● **What the exercise asks**: An exact copy of every entry is needed, without the pictures.

..............................

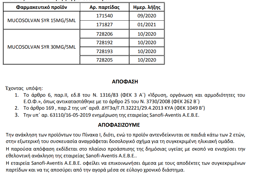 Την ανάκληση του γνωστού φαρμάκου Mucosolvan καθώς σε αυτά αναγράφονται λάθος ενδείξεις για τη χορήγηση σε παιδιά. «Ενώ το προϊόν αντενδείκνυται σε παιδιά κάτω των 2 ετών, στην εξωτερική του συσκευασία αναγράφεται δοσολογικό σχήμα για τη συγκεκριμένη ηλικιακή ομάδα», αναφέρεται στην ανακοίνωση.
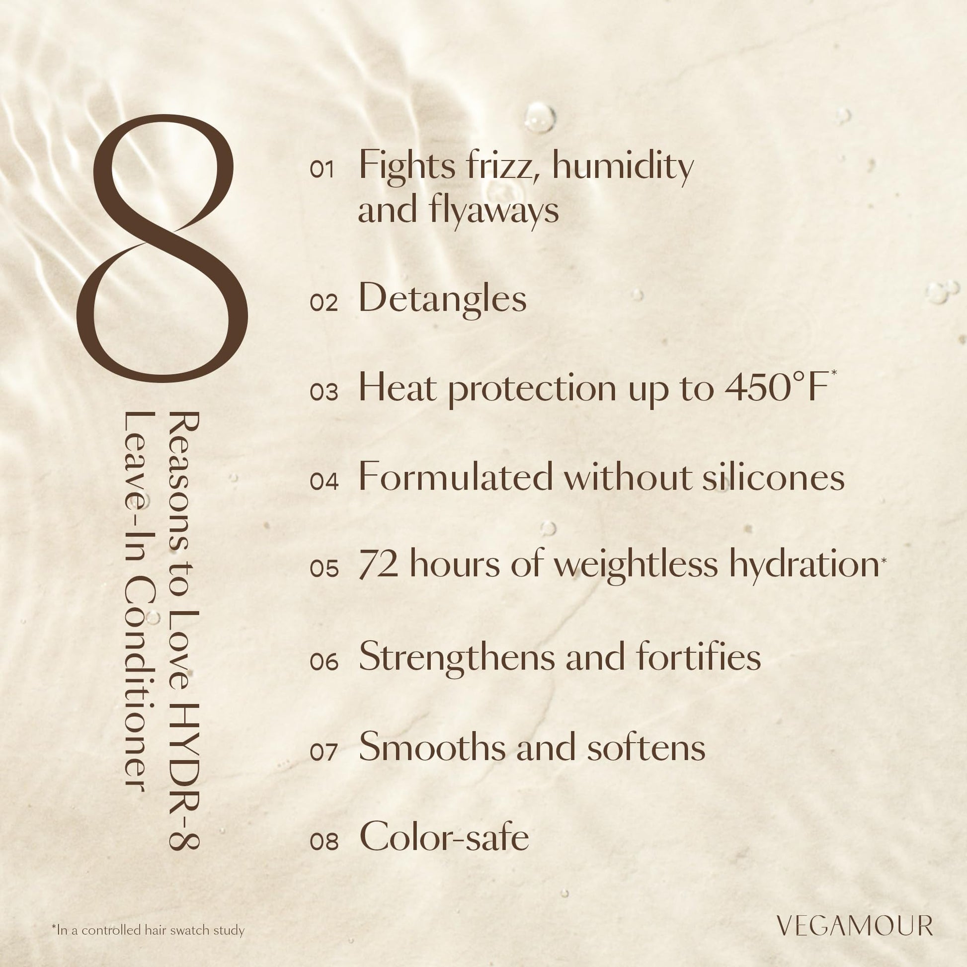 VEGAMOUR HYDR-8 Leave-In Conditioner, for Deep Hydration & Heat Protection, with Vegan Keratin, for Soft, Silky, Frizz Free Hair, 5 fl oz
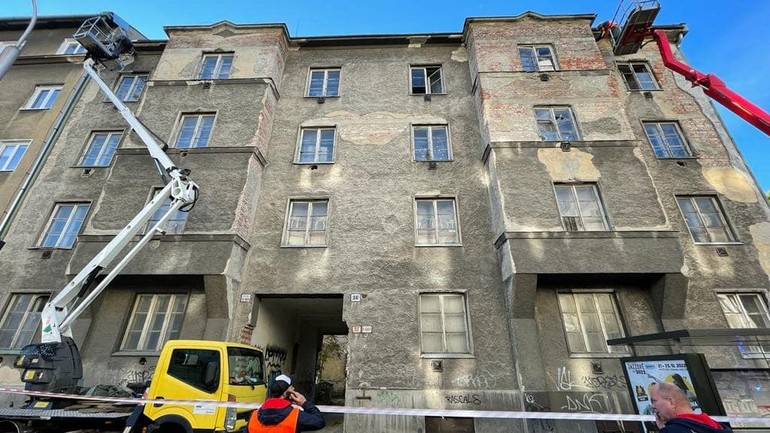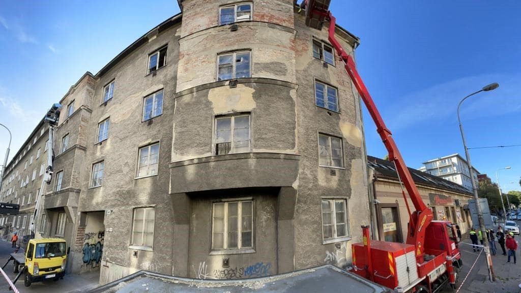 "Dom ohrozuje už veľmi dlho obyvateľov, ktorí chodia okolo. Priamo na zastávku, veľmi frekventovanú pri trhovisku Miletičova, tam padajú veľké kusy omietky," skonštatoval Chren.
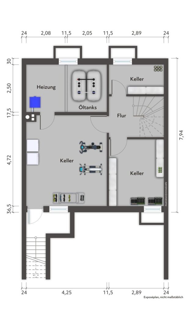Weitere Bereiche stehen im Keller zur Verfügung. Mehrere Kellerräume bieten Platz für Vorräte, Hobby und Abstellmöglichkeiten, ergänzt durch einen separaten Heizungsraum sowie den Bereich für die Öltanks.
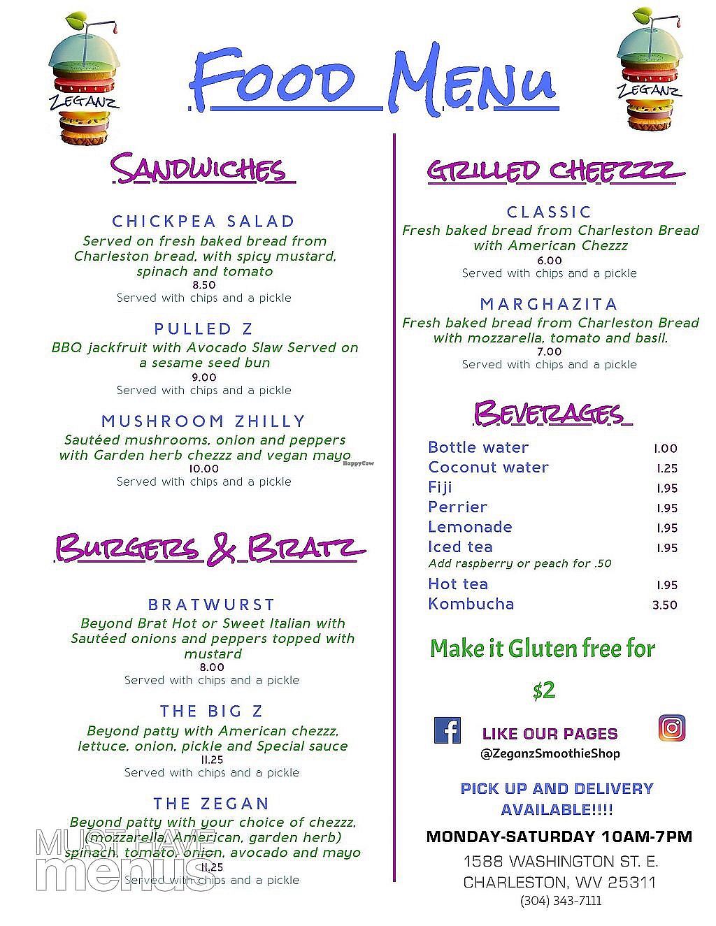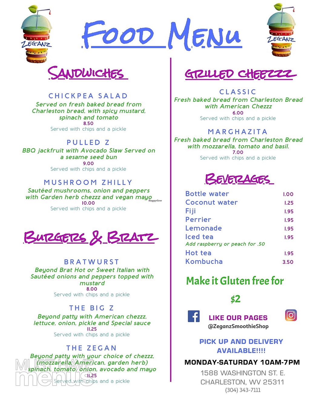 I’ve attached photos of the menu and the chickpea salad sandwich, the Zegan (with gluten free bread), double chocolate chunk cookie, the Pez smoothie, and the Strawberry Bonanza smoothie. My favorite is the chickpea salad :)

..............................

● **Response box**:
 Την ανάκληση του γνωστού φαρμάκου Mucosolvan καθώς σε αυτά αναγράφονται λάθος ενδείξεις για τη χορήγηση σε παιδιά. «Ενώ το προϊόν αντενδείκνυται σε παιδιά κάτω των 2 ετών, στην εξωτερική του συσκευασία αναγράφεται δοσολογικό σχήμα για τη συγκεκριμένη ηλικιακή ομάδα», αναφέρεται στην ανακοίνωση.
 VEGAMOUR HYDR-8 Leave-In Conditioner, for Deep Hydration & Heat Protection, with Vegan Keratin, for Soft, Silky, Frizz Free Hair, 5 fl oz
 "Dom ohrozuje už veľmi dlho obyvateľov, ktorí chodia okolo. Priamo na zastávku, veľmi frekventovanú pri trhovisku Miletičova, tam padajú veľké kusy omietky," skonštatoval Chren.
Weitere Bereiche stehen im Keller zur Verfügung. Mehrere Kellerräume bieten Platz für Vorräte, Hobby und Abstellmöglichkeiten, ergänzt durch einen separaten Heizungsraum sowie den Bereich für die Öltanks.
 I’ve attached photos of the menu and the chickpea salad sandwich, the Zegan (with gluten free bread), double chocolate chunk cookie, the Pez smoothie, and the Strawberry Bonanza smoothie. My favorite is the chickpea salad :)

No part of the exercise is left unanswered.